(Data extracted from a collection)
┌──

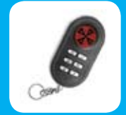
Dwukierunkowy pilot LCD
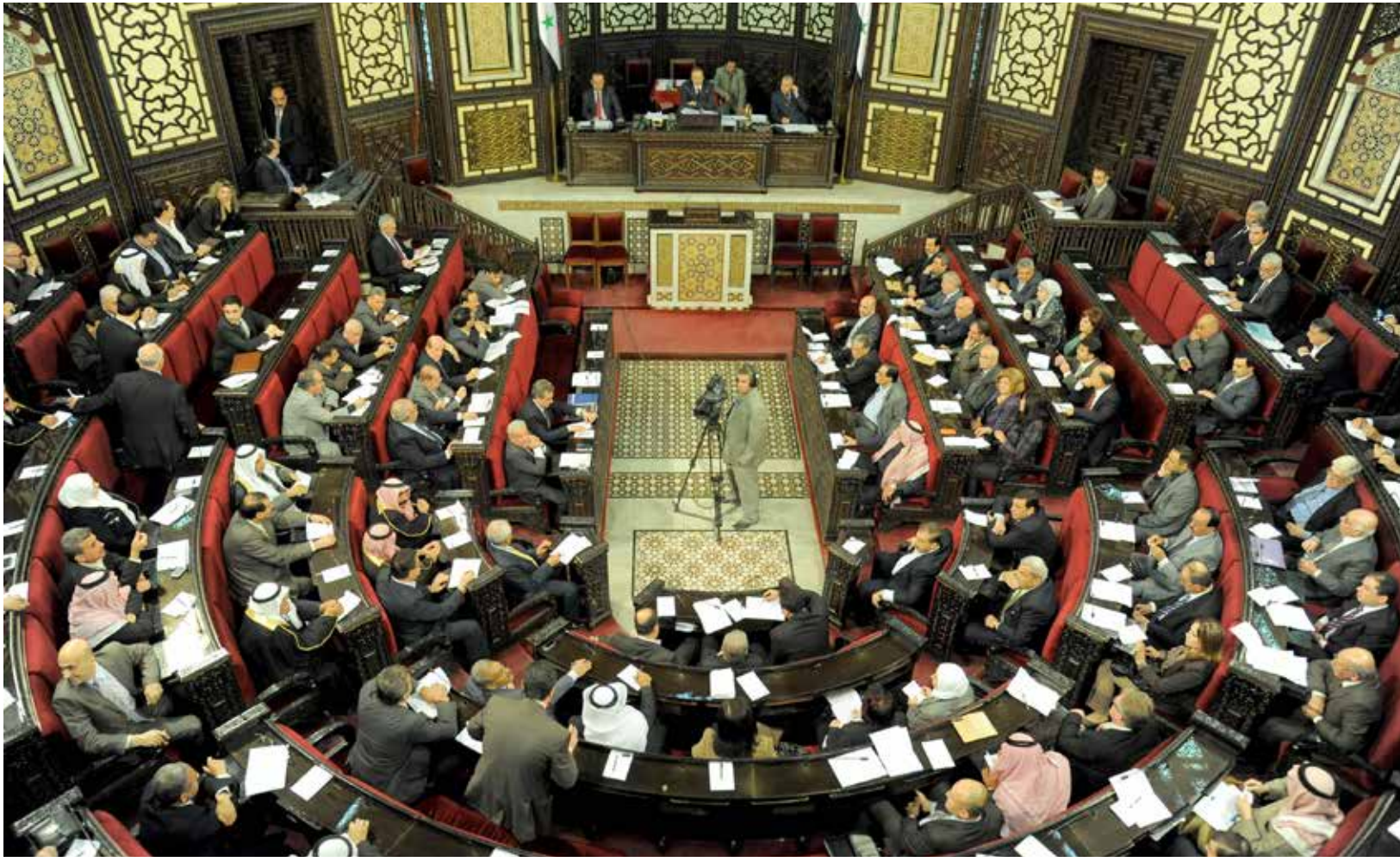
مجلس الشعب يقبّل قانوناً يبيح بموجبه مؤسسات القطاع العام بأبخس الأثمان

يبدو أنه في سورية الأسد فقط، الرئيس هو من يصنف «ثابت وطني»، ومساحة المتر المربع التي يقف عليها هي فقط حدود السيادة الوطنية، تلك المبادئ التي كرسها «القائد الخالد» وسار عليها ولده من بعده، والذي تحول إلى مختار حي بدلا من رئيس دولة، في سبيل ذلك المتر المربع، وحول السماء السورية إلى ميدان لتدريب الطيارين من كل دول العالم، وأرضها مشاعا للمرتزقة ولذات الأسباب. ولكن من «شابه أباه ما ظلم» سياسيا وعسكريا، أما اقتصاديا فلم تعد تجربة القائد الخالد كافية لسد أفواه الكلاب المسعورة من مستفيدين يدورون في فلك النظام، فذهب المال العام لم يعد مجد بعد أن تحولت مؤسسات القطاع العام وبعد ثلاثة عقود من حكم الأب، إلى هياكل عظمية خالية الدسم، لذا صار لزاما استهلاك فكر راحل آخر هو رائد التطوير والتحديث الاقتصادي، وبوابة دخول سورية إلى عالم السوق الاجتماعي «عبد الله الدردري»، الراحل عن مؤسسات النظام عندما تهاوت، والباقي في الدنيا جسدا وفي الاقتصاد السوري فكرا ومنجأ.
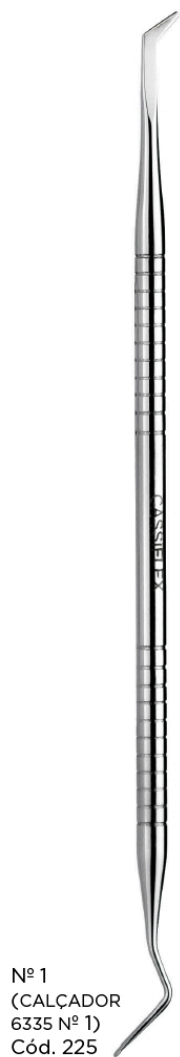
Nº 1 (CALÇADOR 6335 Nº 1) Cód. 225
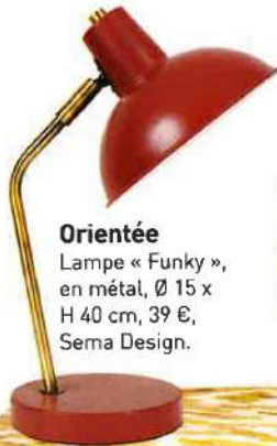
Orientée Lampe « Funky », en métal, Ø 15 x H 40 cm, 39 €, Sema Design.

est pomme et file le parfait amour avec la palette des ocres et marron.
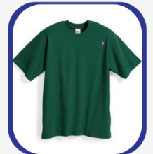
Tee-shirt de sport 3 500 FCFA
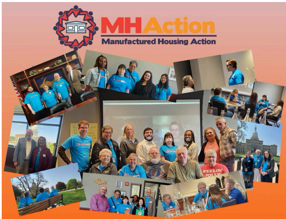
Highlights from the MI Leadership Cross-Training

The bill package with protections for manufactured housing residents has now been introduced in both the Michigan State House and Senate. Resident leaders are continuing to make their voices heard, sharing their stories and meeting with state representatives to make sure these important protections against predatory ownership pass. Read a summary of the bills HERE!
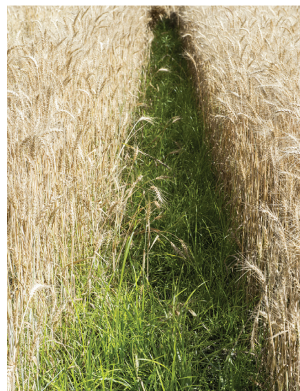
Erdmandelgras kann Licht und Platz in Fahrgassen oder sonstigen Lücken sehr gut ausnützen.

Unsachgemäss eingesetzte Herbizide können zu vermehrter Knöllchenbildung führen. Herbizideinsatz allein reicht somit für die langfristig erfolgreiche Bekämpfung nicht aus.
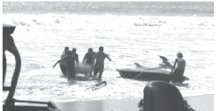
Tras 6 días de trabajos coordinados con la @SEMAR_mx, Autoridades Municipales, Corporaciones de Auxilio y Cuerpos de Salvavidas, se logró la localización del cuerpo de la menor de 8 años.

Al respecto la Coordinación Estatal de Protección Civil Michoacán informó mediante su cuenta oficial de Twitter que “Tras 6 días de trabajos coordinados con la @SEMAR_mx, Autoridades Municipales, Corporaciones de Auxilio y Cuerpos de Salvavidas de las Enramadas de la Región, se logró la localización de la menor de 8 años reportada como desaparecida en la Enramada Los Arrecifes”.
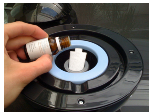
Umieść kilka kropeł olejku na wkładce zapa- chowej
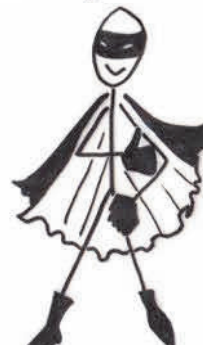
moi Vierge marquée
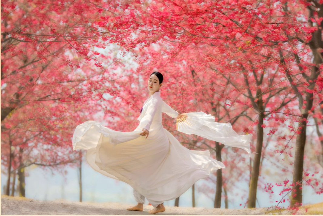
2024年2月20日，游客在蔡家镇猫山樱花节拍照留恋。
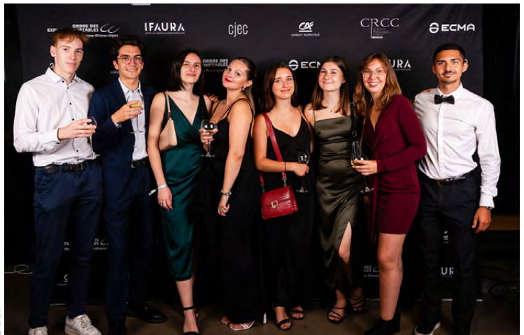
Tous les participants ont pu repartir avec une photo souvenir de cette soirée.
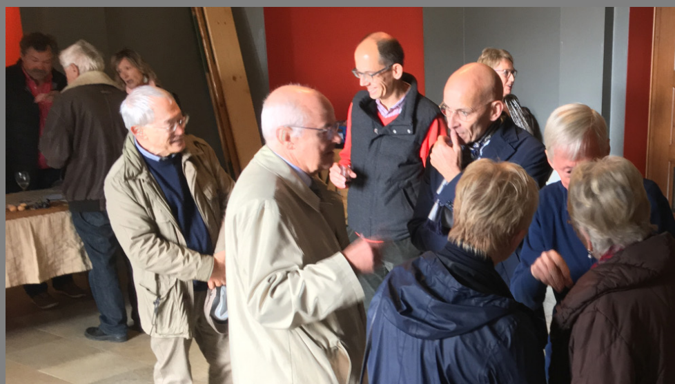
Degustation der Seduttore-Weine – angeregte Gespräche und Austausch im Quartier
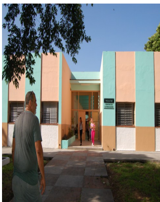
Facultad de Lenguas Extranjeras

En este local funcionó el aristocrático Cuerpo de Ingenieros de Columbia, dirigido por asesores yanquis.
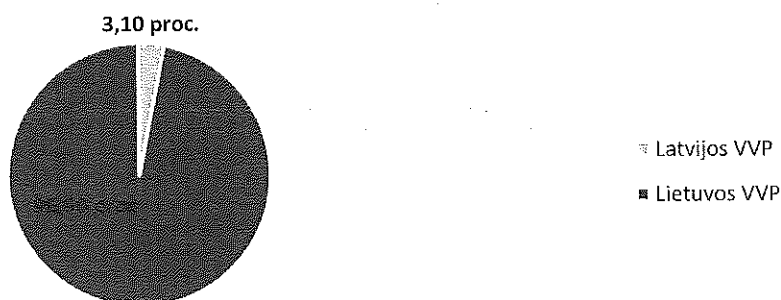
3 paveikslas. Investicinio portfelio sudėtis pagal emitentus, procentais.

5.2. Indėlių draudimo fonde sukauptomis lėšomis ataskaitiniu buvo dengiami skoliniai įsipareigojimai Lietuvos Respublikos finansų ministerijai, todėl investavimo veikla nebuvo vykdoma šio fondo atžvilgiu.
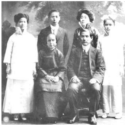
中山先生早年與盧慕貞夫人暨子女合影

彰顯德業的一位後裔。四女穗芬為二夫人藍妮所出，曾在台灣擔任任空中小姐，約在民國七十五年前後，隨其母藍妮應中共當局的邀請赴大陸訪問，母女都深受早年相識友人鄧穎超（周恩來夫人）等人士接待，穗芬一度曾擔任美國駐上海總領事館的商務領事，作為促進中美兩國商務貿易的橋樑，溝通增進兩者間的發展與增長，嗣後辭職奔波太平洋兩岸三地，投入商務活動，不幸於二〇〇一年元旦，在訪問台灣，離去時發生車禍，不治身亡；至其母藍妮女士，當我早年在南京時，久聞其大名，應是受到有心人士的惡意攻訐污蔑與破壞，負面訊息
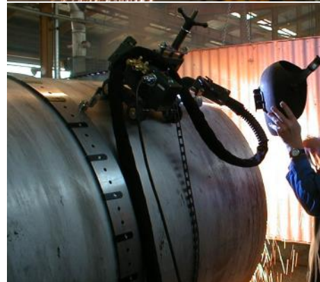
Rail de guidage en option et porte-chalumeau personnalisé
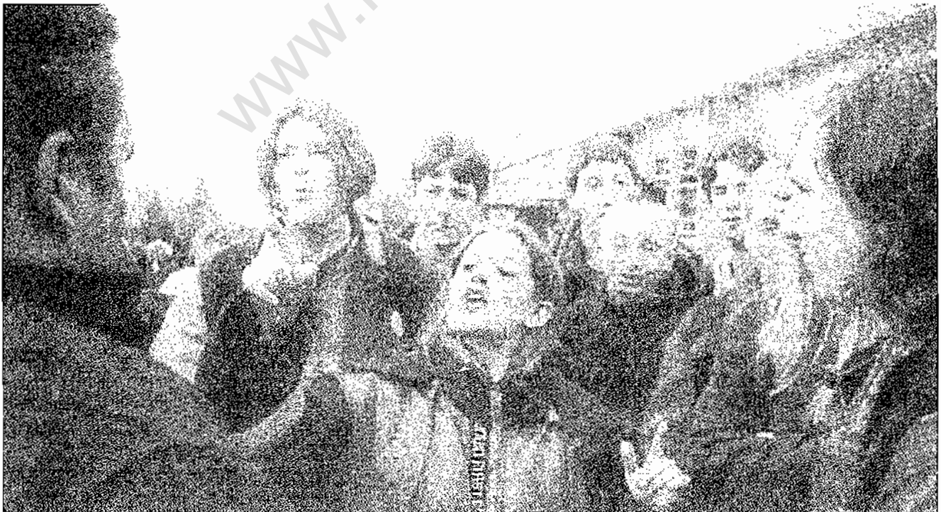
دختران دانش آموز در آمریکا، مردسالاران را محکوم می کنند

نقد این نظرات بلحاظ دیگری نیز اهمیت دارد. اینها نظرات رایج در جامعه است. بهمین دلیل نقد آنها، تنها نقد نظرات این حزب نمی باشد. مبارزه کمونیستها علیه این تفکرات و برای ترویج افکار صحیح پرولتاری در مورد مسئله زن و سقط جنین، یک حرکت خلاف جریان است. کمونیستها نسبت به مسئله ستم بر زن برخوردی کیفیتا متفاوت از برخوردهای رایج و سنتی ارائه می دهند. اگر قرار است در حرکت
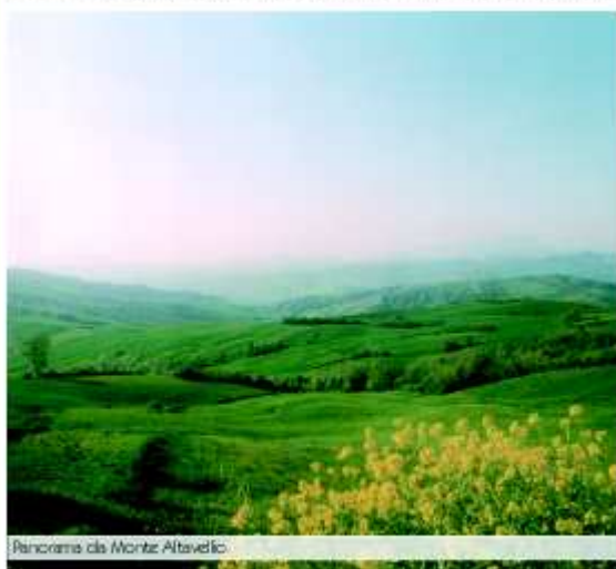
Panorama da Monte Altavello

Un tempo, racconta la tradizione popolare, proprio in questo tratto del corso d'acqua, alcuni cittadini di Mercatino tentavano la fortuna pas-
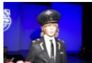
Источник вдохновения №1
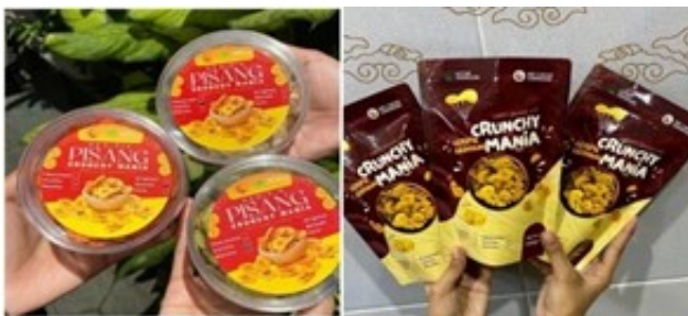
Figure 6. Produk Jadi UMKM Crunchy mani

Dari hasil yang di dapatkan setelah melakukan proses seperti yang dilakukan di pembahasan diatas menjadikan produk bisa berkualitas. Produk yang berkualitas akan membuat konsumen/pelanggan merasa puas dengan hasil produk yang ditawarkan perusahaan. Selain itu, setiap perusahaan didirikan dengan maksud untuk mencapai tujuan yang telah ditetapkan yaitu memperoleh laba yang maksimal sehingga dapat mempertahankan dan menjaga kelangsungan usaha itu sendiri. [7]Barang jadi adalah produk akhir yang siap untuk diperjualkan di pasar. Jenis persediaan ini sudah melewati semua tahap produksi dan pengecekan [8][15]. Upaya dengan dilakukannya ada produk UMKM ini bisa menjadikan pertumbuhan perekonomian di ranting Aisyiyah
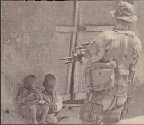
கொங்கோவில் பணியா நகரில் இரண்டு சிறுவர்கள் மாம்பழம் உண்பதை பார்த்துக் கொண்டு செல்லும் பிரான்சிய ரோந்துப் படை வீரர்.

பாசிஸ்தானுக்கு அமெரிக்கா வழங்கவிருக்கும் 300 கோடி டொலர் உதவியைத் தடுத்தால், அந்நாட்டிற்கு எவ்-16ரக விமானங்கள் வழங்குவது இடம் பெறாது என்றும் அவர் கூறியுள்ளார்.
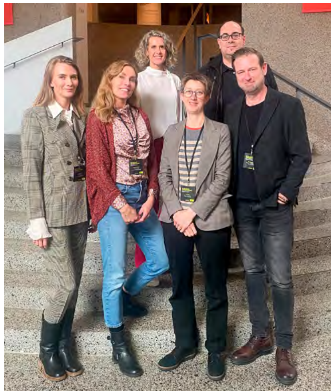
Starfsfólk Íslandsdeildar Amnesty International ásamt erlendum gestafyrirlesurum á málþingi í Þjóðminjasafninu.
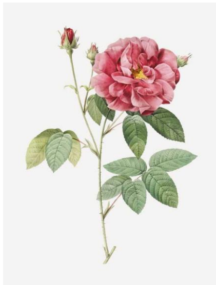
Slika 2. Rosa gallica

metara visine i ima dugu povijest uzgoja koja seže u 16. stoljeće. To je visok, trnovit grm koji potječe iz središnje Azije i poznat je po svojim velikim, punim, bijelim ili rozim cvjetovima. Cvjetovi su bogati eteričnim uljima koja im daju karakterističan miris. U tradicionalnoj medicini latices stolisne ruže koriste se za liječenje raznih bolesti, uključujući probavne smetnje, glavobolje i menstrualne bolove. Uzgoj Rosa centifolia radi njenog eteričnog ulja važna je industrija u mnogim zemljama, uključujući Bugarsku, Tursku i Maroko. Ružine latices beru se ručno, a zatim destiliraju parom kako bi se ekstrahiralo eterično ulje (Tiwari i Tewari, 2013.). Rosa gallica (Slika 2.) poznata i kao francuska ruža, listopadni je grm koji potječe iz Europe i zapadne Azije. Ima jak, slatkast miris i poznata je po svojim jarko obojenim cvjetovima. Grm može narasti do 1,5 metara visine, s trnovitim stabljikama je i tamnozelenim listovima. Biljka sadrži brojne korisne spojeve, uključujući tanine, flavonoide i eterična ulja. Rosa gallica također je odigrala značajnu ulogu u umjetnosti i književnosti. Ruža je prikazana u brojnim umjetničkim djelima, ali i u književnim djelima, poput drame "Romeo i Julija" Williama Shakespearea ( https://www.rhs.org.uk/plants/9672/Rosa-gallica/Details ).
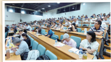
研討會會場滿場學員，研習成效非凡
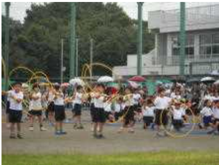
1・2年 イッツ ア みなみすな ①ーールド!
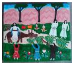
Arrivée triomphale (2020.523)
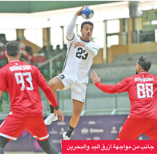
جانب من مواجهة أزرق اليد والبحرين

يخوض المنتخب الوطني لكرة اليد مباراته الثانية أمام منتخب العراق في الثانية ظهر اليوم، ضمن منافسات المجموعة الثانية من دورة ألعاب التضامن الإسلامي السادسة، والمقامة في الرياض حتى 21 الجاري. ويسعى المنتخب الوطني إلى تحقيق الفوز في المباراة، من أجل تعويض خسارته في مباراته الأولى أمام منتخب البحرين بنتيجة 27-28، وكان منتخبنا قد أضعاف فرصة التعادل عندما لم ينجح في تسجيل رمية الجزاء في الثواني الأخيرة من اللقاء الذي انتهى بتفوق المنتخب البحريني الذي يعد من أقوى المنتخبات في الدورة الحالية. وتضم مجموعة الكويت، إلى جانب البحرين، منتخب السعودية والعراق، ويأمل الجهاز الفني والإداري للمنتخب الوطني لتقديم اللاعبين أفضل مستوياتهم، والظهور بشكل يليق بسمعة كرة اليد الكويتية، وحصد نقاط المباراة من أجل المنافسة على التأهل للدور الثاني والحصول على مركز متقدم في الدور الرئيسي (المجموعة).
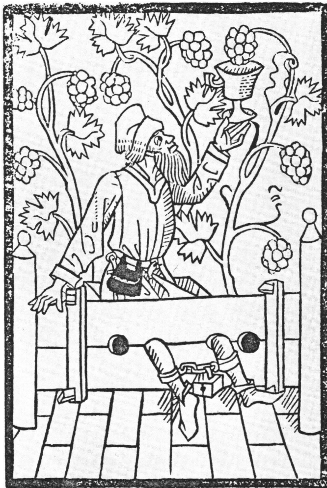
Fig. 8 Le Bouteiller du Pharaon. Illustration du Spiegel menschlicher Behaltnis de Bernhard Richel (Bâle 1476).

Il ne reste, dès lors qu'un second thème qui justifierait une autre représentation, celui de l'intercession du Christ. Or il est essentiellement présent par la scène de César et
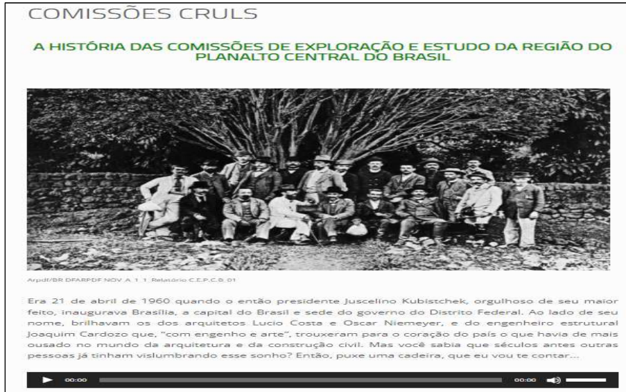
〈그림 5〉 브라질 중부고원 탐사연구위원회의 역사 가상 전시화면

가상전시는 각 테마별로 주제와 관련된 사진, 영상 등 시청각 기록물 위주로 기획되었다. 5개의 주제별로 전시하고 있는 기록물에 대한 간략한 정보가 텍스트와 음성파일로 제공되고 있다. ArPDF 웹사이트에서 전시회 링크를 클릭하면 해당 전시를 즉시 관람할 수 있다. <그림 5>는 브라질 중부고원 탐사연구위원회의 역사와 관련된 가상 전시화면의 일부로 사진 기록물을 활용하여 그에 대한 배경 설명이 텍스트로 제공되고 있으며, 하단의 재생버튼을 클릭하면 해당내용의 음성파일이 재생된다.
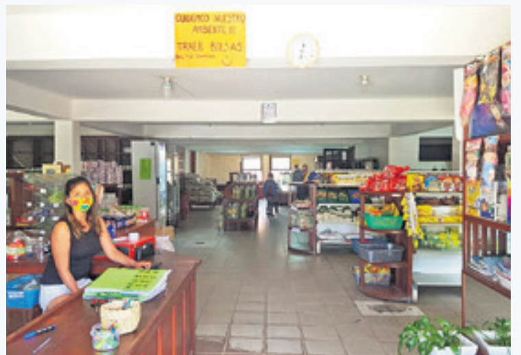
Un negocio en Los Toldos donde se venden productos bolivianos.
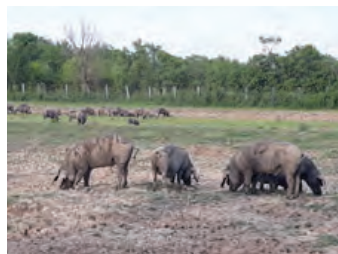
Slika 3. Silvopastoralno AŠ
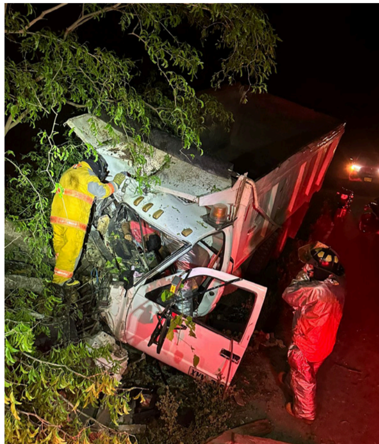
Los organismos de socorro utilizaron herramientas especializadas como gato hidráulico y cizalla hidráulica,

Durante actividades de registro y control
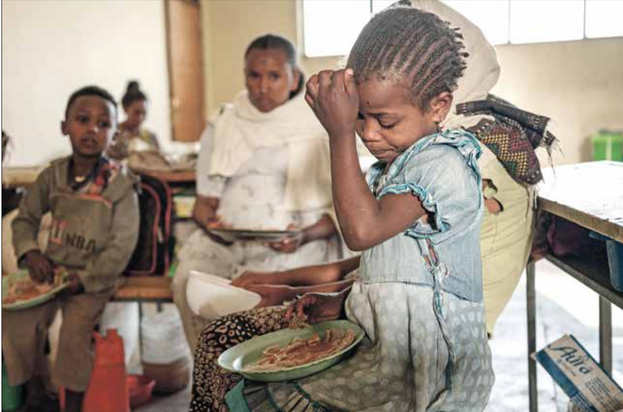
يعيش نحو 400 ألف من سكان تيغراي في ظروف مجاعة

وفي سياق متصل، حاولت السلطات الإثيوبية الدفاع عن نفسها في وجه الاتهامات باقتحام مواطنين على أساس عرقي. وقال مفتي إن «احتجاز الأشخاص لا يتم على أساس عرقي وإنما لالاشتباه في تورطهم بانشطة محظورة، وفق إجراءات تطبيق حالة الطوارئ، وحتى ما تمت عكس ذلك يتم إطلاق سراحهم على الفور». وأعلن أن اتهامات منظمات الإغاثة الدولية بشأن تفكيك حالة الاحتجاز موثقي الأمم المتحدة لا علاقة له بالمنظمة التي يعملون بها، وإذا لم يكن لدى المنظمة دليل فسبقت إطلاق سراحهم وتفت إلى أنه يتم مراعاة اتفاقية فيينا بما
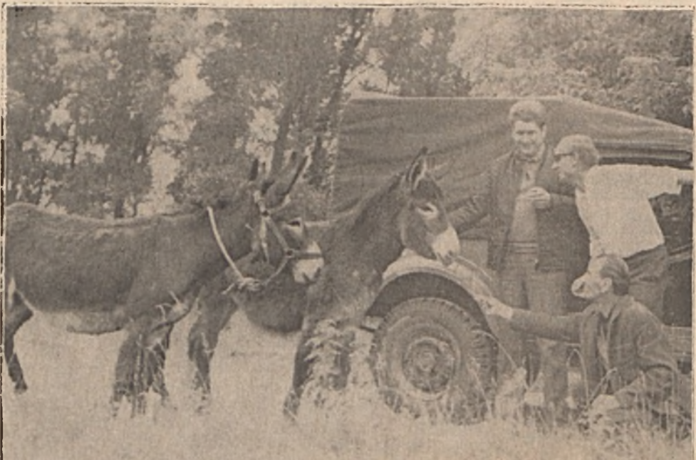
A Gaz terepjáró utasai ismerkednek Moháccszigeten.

└──

#### [TASK REQUIREMENTS]
Each line above that contains the string "Auxilio" should be identified and copied.

#### [EXERCISE RESULT]
Tras 6 días de trabajos coordinados con la @SEMAR_mx, Autoridades Municipales, Corporaciones de Auxilio y Cuerpos de Salvavidas, se logró la localización del cuerpo de la menor de 8 años.
Al respecto la Coordinación Estatal de Protección Civil Michoacán informó mediante su cuenta oficial de Twitter que “Tras 6 días de trabajos coordinados con la @SEMAR_mx, Autoridades Municipales, Corporaciones de Auxilio y Cuerpos de Salvavidas de las Enramadas de la Región, se logró la localización de la menor de 8 años reportada como desaparecida en la Enramada Los Arrecifes”.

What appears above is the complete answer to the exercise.